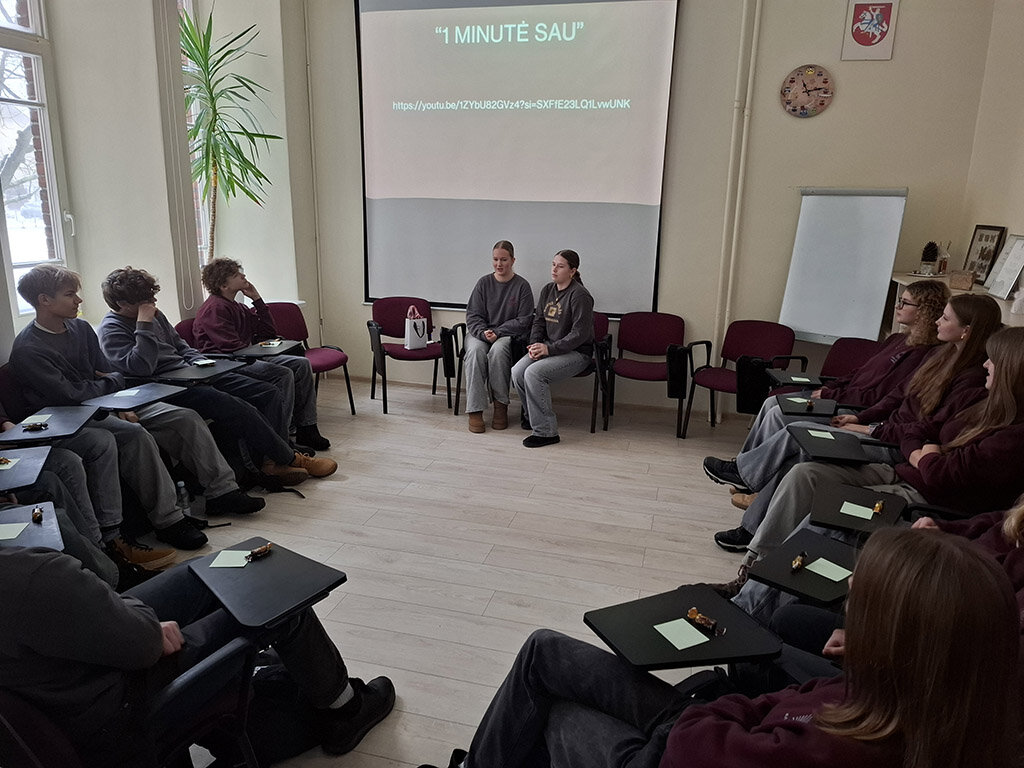 Gimnazijos projekto „Mokinys - Mokiniui“ veiklos įsibėgėjo jau pirmąją sausio savaitę. 2H klasės gimnazistės Lėja Jurkevičiūtė ir Augustė Sinkevičiūtė vedė etikos pamoką tema „Ramybė“. Jaunosios mokytojos, bendraudamos su 1A, 1C, 1D, 1E, 1F, 1G klasių mokiniais, turėjo galimybę pasidalinti savo atradimais, patyrimais bei įžvalgomis, kodėl šiuolaikiniame pasaulyje yra taip svarbu ne tik ieškoti, bet ir rasti kiekvienam žmogui kelius į vidinę ramybę, vedančią harmonijos link. Aptarė, kas padeda pasiekti ramybę, paskatino kiekvieną pirmoką perfiltruoti savo mintis ir pačiam rasti geriausius kelius į asmeninę vidinę ramybę siekiant ne tik asmeninės gerovės, bet ir visuomenės tobulėjimo. Nuoširdus ačiū merginoms už sukurtą galimybę jauniesiems kolegoms tuos pačius dalykus matyti kitaip. Juk „ramybė prasideda šypsenoje“, - teigė Motina Teresė.
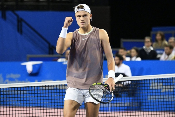 Tournoi de tennis Open Sud de France à Montpellier le 2 février 2024. © Valentina Claret / Panoramic / Bestimage MONTPELLIER, FRANCE - FEBRUARY 2 : Holger RUNE (DEN) celebration during the 1/4 final of the ATP 250 Open Sud de France tournament vs. Michael MMOH (USA) in Montpellier, France on February 2nd, 2024.
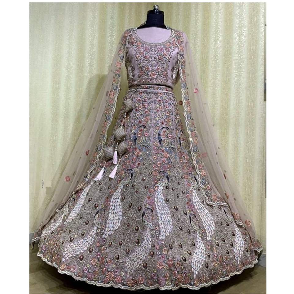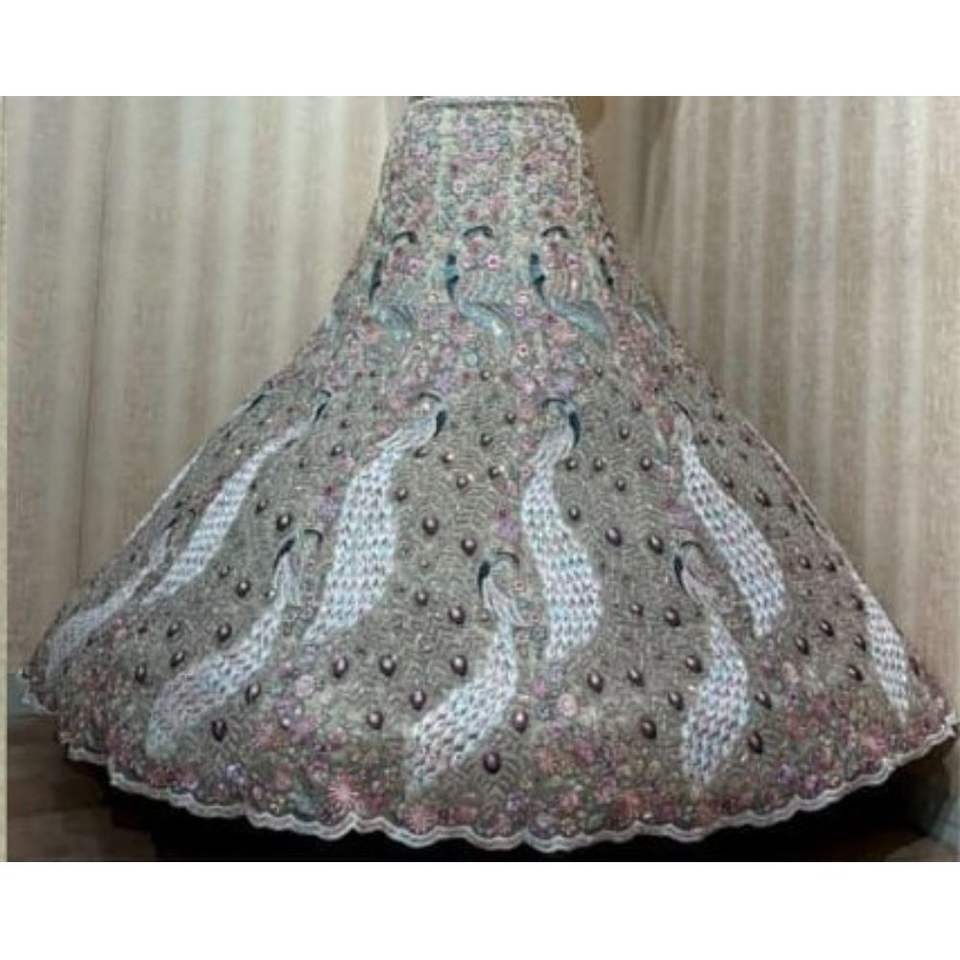 ชุด lehenga สำหรับเจ้าสาวงานปักด้วยมือสุดหรูพร้อมลวดลายเลื่อมและรายละเอียด zari สำหรับงานปาร์ตี้ขายส่งและส่งออก
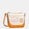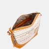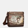 This shoulder bag is large in size and has a back pocket. This bag is characterized because it combines a base in off-white tone, which recreates the shape of a net in different colors. This contrasts with parts in brown and lots of details. The back side has a colorful brushstroke print, in which some words can be read.
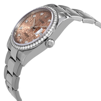 Stainless steel case with a stainless steel rolex oyster bracelet. Fixed stainless steel bezel set with diamonds. Pink jubilee dial with silver-tone hands and diamond hour markers. Dial Type: Analog. Date display at the 3 o'clock position. Rolex Calibre 3235 Automatic movement, based upon Rolex 3035, containing 31 Jewels, bitting at 28800 vph, and has a power reserve of approximately 70 hours. Scratch resistant sapphire crystal. Screw down crown. Solid case back. Round case shape. Case size: 36 mm. Fold over clasp. Water resistant at 100 meters / 330 feet. Functions: date, hour, minute, second. Datejust 36 Series. Luxury watch style. Watch label: Swiss Made. Rolex Datejust 36 Pink Jubilee Diamond Dial Automatic Unisex Oyster Watch 126284PJDO.
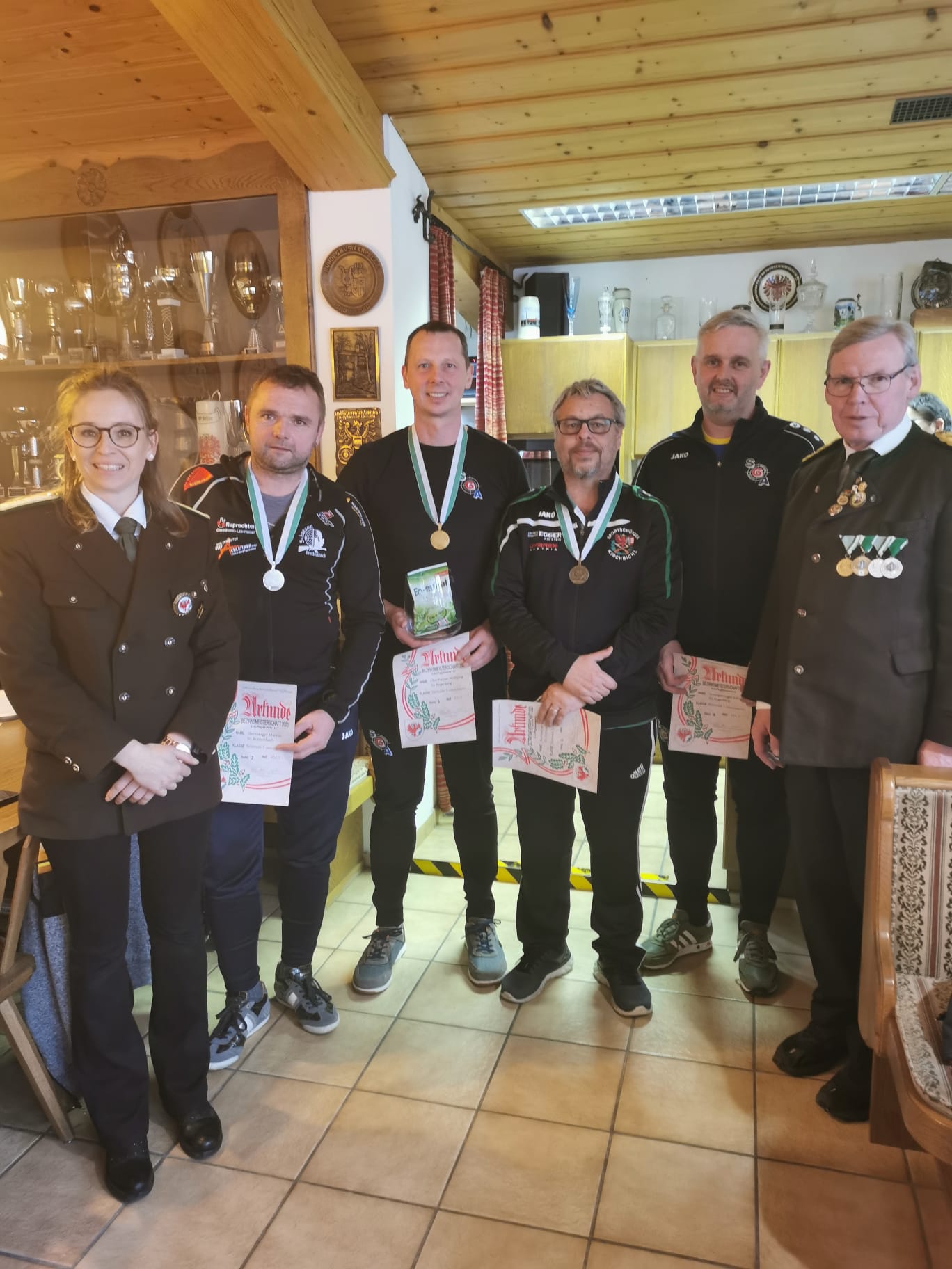 Am Samstag, den 11.02.2023 fand in Bad Häring die Bezirksmeisterschaft für Senioren und Seniorinnen stehend frei und aufgelegt, sowie Männer und Frauen stehend aufgelegt statt. Um 10.00Uhr starteten die stehend frei Bewerbe. Oberhauser Wolfgang erreichte mit einem Ergebnis von 393,4 Ringe überraschend Rang drei und somit die Bronzemedaille. Um 12.40 Uhr gingen dann unsere Senioren 1 Schützen an den Start. Heidi Oberhauser erreichte mit 409,4 Ringe bei den Seniorinnen 1 den ausgezeichneten 4. Rang. Ebenfalls den ausgezeichneten 4. Rang belegte Edi Unterpertinger bei den Senioren 1. Bezirksmeister in der Senioren 1 stehend aufgelegt Klasse wurde mit 421 Ringe Oberhauser Wolfgang. Zu guter Letzt startete noch in der Herren Klasse Egger Hannes in seine allererste Bezirksmeisterschaft. Mit einer ausgezeichneten Schuß Leistung erreicht er überraschend den hervorragenden 2. Rang und somit den Vize Bezirkmeister.
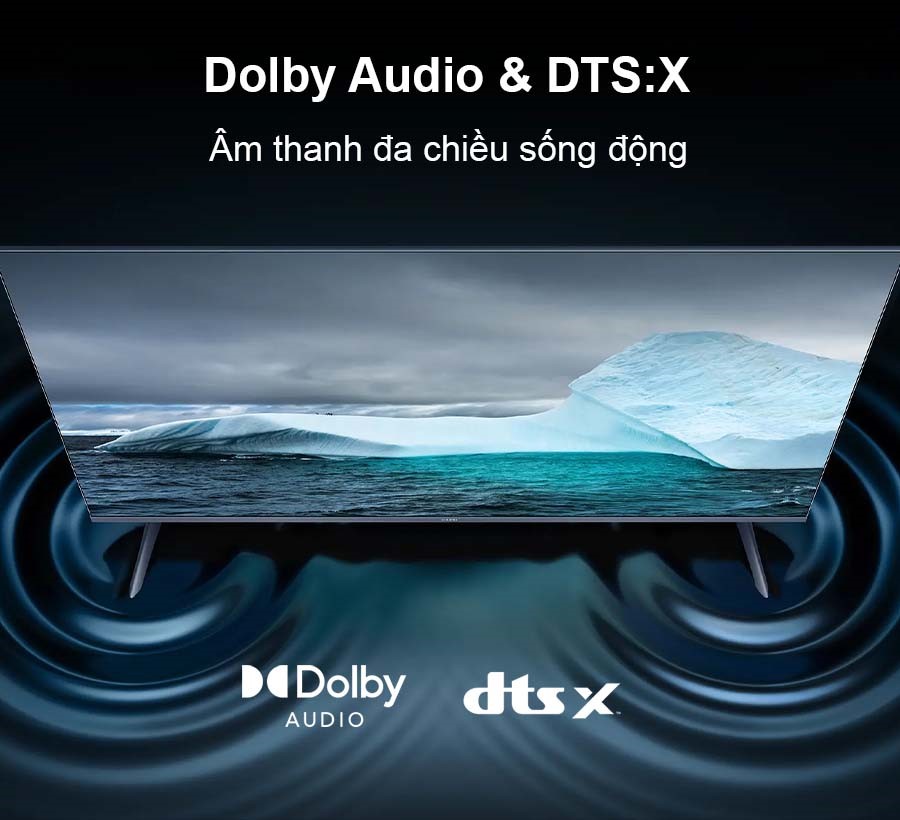 Được chứng nhận bởi Dolby Audio™ và DTS:X, chiếc tivi mang đến trải nghiệm âm thanh chuẩn điện ảnh ngay tại nhà. Mỗi tiếng động nhỏ đều được thể hiện rõ ràng – từ tiếng mưa rơi đến tiếng động cơ rền vang – làm tăng thêm chiều sâu cho nội dung bạn đang thưởng thức.

━━━━━━━━━━━━━━━━━━━━━━━━━━━━━━

Exercise:
Leave the pictures out, and restate exactly the lines from the start of the records through the one that contains "This shoulder bag".

Written reply:
 Gimnazijos projekto „Mokinys - Mokiniui“ veiklos įsibėgėjo jau pirmąją sausio savaitę. 2H klasės gimnazistės Lėja Jurkevičiūtė ir Augustė Sinkevičiūtė vedė etikos pamoką tema „Ramybė“. Jaunosios mokytojos, bendraudamos su 1A, 1C, 1D, 1E, 1F, 1G klasių mokiniais, turėjo galimybę pasidalinti savo atradimais, patyrimais bei įžvalgomis, kodėl šiuolaikiniame pasaulyje yra taip svarbu ne tik ieškoti, bet ir rasti kiekvienam žmogui kelius į vidinę ramybę, vedančią harmonijos link. Aptarė, kas padeda pasiekti ramybę, paskatino kiekvieną pirmoką perfiltruoti savo mintis ir pačiam rasti geriausius kelius į asmeninę vidinę ramybę siekiant ne tik asmeninės gerovės, bet ir visuomenės tobulėjimo. Nuoširdus ačiū merginoms už sukurtą galimybę jauniesiems kolegoms tuos pačius dalykus matyti kitaip. Juk „ramybė prasideda šypsenoje“, - teigė Motina Teresė.
 Tournoi de tennis Open Sud de France à Montpellier le 2 février 2024. © Valentina Claret / Panoramic / Bestimage MONTPELLIER, FRANCE - FEBRUARY 2 : Holger RUNE (DEN) celebration during the 1/4 final of the ATP 250 Open Sud de France tournament vs. Michael MMOH (USA) in Montpellier, France on February 2nd, 2024.
 ชุด lehenga สำหรับเจ้าสาวงานปักด้วยมือสุดหรูพร้อมลวดลายเลื่อมและรายละเอียด zari สำหรับงานปาร์ตี้ขายส่งและส่งออก
 This shoulder bag is large in size and has a back pocket. This bag is characterized because it combines a base in off-white tone, which recreates the shape of a net in different colors. This contrasts with parts in brown and lots of details. The back side has a colorful brushstroke print, in which some words can be read.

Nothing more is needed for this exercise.